::: Records provided :::
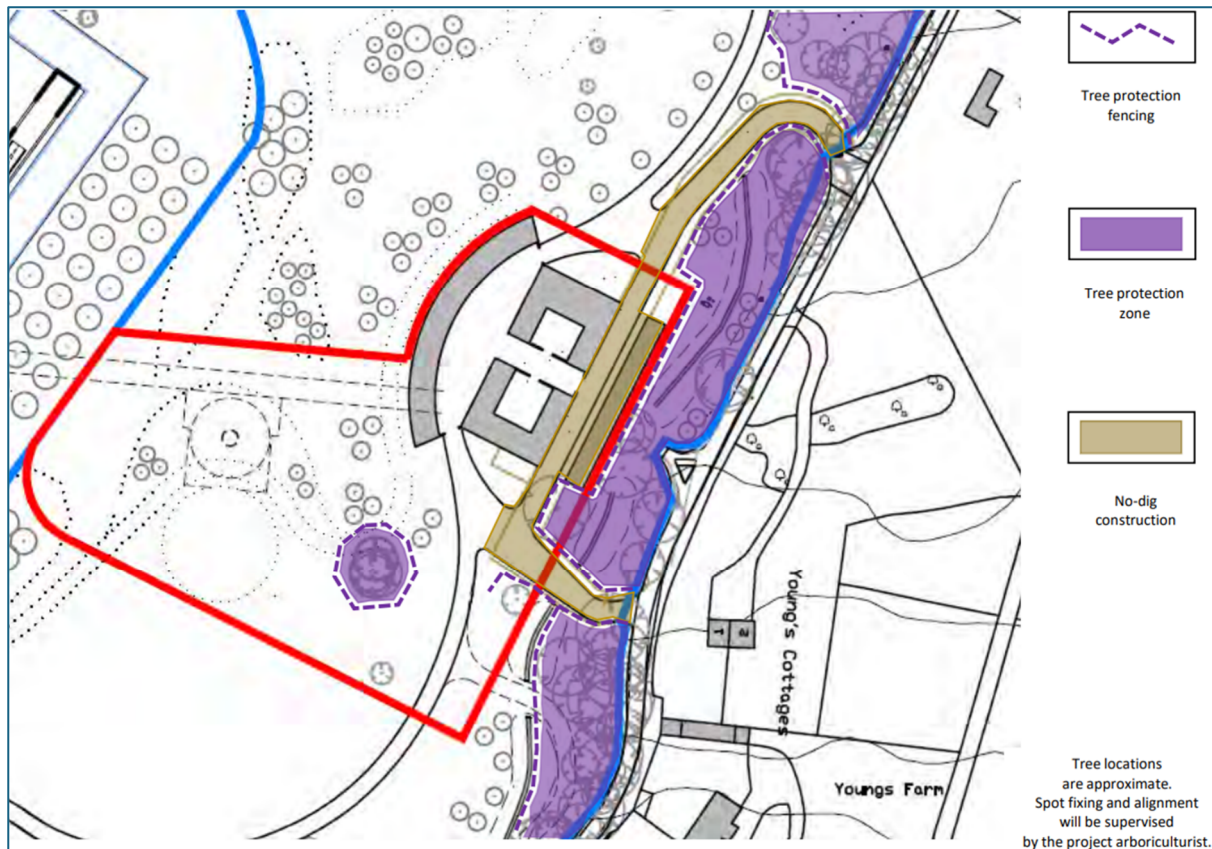
Fig 1. Revised protection measures around retained trees

Areas proposed for planting both within the application boundary for the Main House, as well as the application boundary for the Estate Management Building should also be fenced off during the groundworks and construction phase to limited damage to the ground and soil compaction.
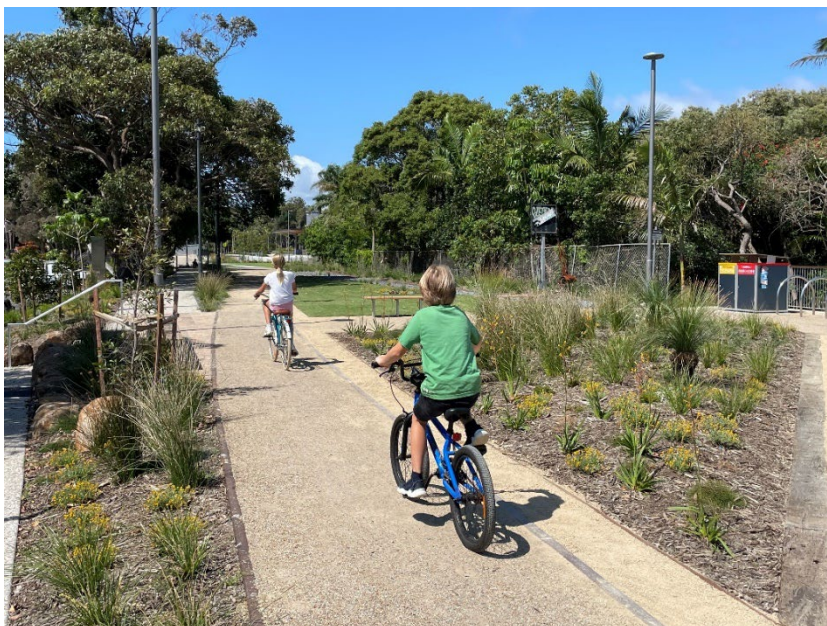
Figure 4.9 Shared paths around Byron Shire

A review of the s7.2 plan can also ensure that other infrastructure funded under the plan is adapted to diversified transport. For example, how well do open space and community facilities cater to active and public transport connectivity and access?
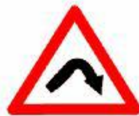
Right Hair Pin Bend
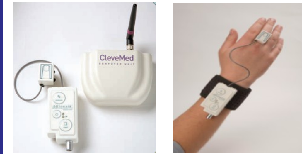
Fig.1. Kinesia™ wireless system (QMAS) and video-guided tasks:

Twelve ET subjects were enrolled (age: 50.25 ± 20.58 years; age at onset: 32 ± 21.66 years). TETRAS scores for upper limbs postural (arms outstretched) and kinetic tremor were respectively 1.71 ± 0.45 and 1.79 ± 0.5. For each time-interval of assessment, QMAS and video scores were directly correlated and they showed good intra-rater reliability (see tab. 1 and tab. 2).
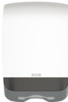
Katrin Hand Towel M Dispenser White
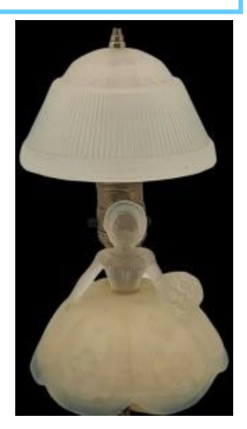
"Sally" shows 3 shade styles and colors. The last is frosted crystal and she has short sleeves, not puffy. Houze?
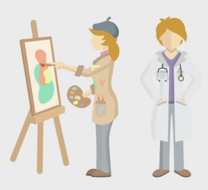
A title is important.
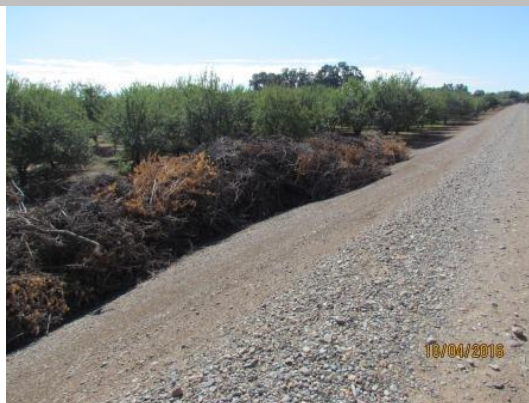
View of the prunings along the landside toe.
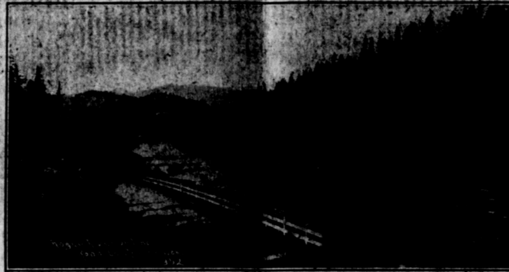
A view of the Rogue river along the highway to Crater Lake National Park.
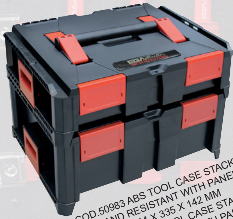
COD.50983 ABS TOOL CASE STACKABLE AND RESISTANT WITH PANEL 464 X 335 X 142 MM COD.50984 ABS TOOL CASE STACKABLE AND RESISTANT WITH PANEL 464 X 335 X 212 MM
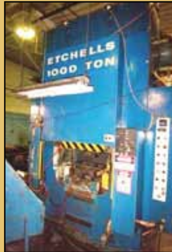
1000 Ton Etchell Mdl. 1000CP Coining Press
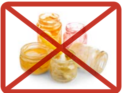
Glass jars » into the glass package collection
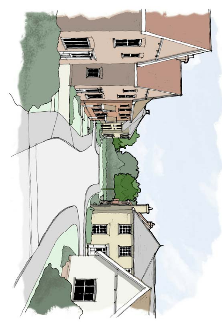
Sketch Perspective (View 2)
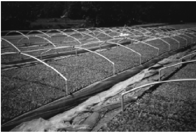
Outside float beds offer an economical alternative to greenhouses; however, there is a much greater risk of plant loss due to extreme weather conditions.
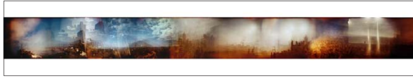
6-7. STOCKHOLM/NEW YORK/LOS ANGELES/HONG KONG/BOMBAY/DUBAI/PARIS/STOCKHOLM
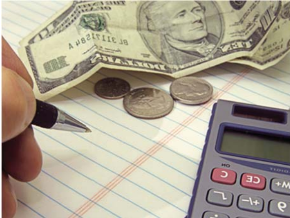
Budgeting classes help residents understand their limited resources and provide skills to help plan for homeownership.
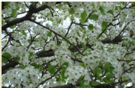
Bees loved our pear tree this Spring

Summer's finally here, although we're still catching up from our crazy winter/spring! Thanks to everyone for your patience. And a big THANK YOU to all you wonderful volunteers who have helped in countless ways.
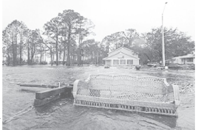
A wicker couch floats in a flooded section of Highway 59 on 16 September, 2004 in Gulf Shores, Alabama. —INTERNET

He said Uganda occupied an important position with the ADB, in terms of commitments and being the second largest beneficiary of concessional resources from the African Development Fund (ADF), with allocations amounting to 180 million dollars. The ADF is a concessional lending arm of ADB. —MNA/Xinhua
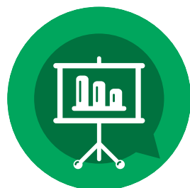
Training Mats Flip Chart
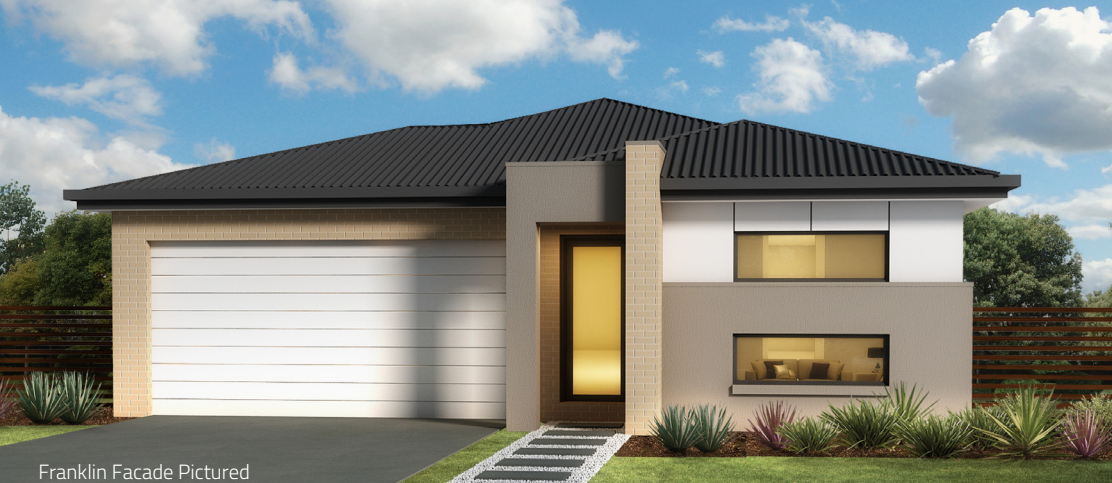
Franklin Facade Pictured
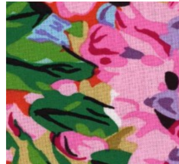
FABRIC # 14 11" X 10"
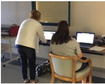
On Friday, September 25 th school was dismissed at 1:30 p.m. for the staff to participate in the teacher’s professional development afternoon!
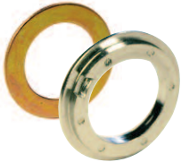
Adapter for installing a Ø22.5 device in Ø 30.5 cutout Cat. No. 2ADP (with washer) ADW (washer only)
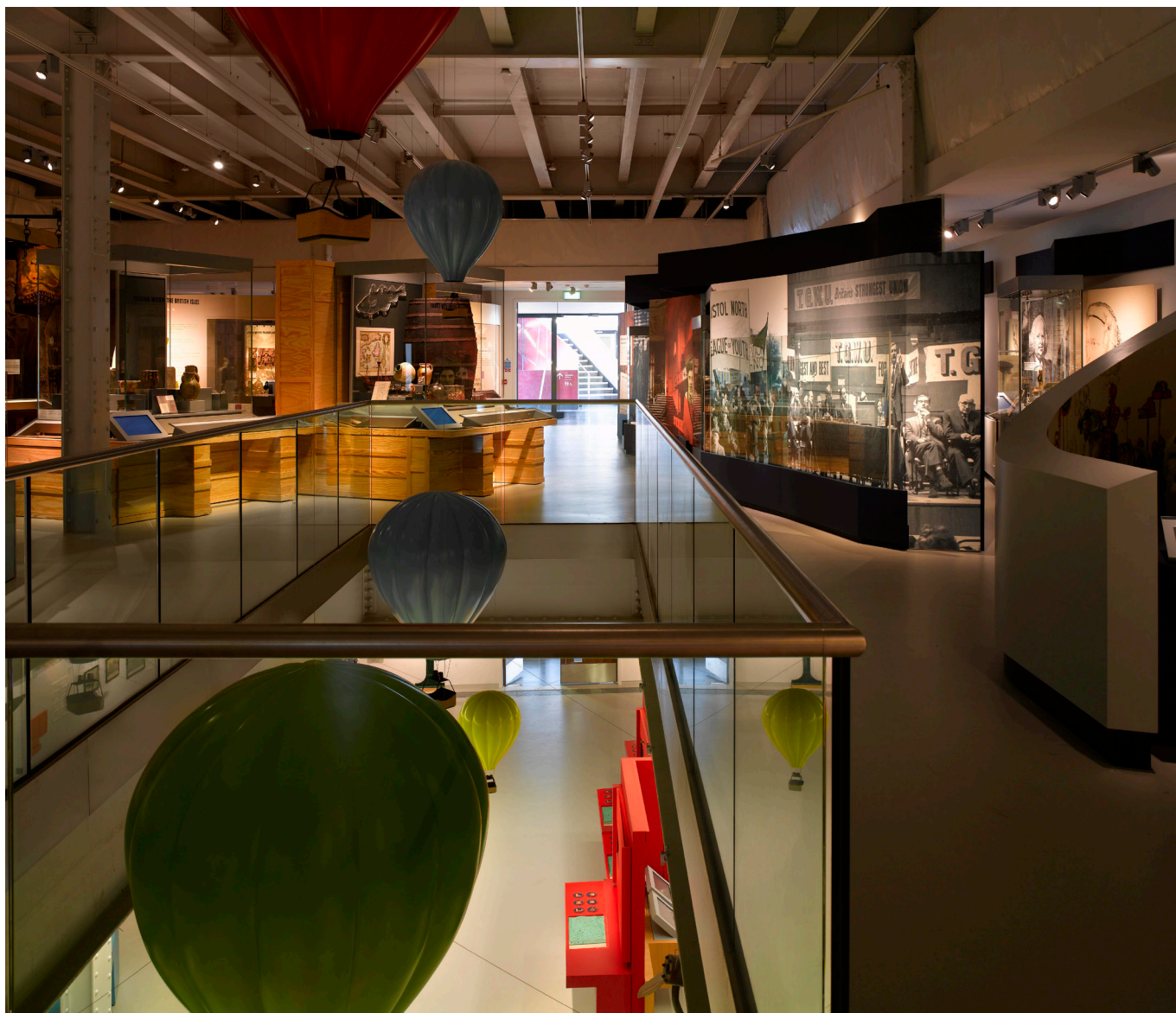
Project M Shed Design Event Communications
:::
- [About this exercise]: Each line from the first line of the material above through the line containing "Figure 4.9 Shared paths around Byron Shire" is to be reproduced exactly, with both ends kept and pictures left out.

- [Worked solution]:
Fig 1. Revised protection measures around retained trees

Areas proposed for planting both within the application boundary for the Main House, as well as the application boundary for the Estate Management Building should also be fenced off during the groundworks and construction phase to limited damage to the ground and soil compaction.
Figure 4.9 Shared paths around Byron Shire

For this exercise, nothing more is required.